Is the authors implication that in the digital nature of ebooks the ability to manipulate text becomes easier? Regardless of medium isn't this always a possibility? Whether it happens at the publisher and then printed on dead wood or otherwise -- to me it seems like one in the same?
This is a good argument against DRM and e-book-related cloud services but not really against e-books generally. I own a Nook and have never bought a locked-down e-book, so the publisher really can't edit the copy I own short of breaking into my computer.
Stupidity like this only hurts the long-term goal of making printed books something only hobbyists are interested in (like vinyl records), but what's the solution? Data integrity regulation from governments? Or will the markets take care of it?
It worries you that people will read more? That people will read more varied things? That authors will get better compensation? That self-publishing will become a much more viable model for literally millions of authors?

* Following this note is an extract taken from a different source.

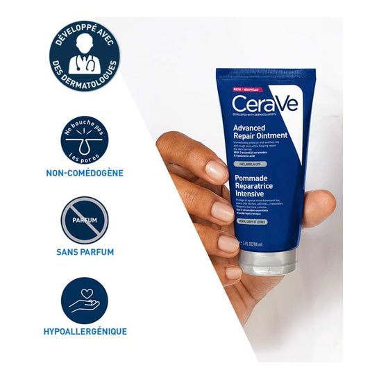 CeraVe® Pomada Reparadora Intensiva 88ml é um tratamento reparador versátil que acalma, protege e repara imediatamente as peles muito secas, danificadas ou rachadas.

I have literally no idea what you're arguing against, or where you came up with any of your arguments. I did not mention people not reading, nor people not reading varied things, nor compensation, nor self publishing.
So confrontational, geez.
The context of my statement was simply that I enjoy the physical nature of books. I was simply trying to express that if they were gone, or harder to come by than their digital brethren, I would be a little saddened.
Hard-copies endure. Digital, not so much. Checkout Jordan Mechner's recent archaeological expedition to retrieve some source code of his from 25 years ago (Prince of Persia). It was nearly lost, and that is only 25 years!
Atlanta is enjoying an exhibit ("Passages") of a very large collection of very rare Bibles. From fragments of early/original texts (ex.: Dead Sea Scrolls) to definitive works (first-run King James Bible) to remarkable renditions (illuminated works) to unusual associations (mother-of-pearl encrusted cover Bible given by (!) Yassir Arafat) to notable errors (Wicked Bible, named for the single typo "Thou shalt commit adultery"), the soon-ending exhibition is for this thread a testimony of the importance of physical copies.
Per that last example, consider that the "Nooked" War and Peace could be considered a "great typo" someday sought after by collectors - except that, being ephemera, the digital copy will either be lost or copies unverifiable due to ease of replication.
I certainly appreciate the benefits of e-books. At the same time, physical presence carries a lot of meaning beyond just content. Alas for those notable books lost in a sea of bits...
Source code is intentionally kept secret and is different from the widely-distributed version.
The book-equivalent of source code is the collection of discarded drafts and working notes of the author. These, too, are often lost, but that has little to do with whether they are digital or not.
It's expensive to properly store and maintain physical copies of things like books. I understand that archivists have some trepidation replacing a known system of storing physical books with a relatively unfamiliar and untested system of storing digital goods. But the bugs are already being worked out; if you want to make sure something lasts, make it digital and make sure lots of others can get to it.
Isn't this the sort of thing digital signatures are for?
Author can sign the text of the book, and publishers can sign the container. I don't know how future-proof this is (and it obviously isn't going to work for something like War and Peace), but it's something that can be done today.
Most likely the author or conversion service took the Kindle edition, ran a search and replace for 'Kindle' and there you have it.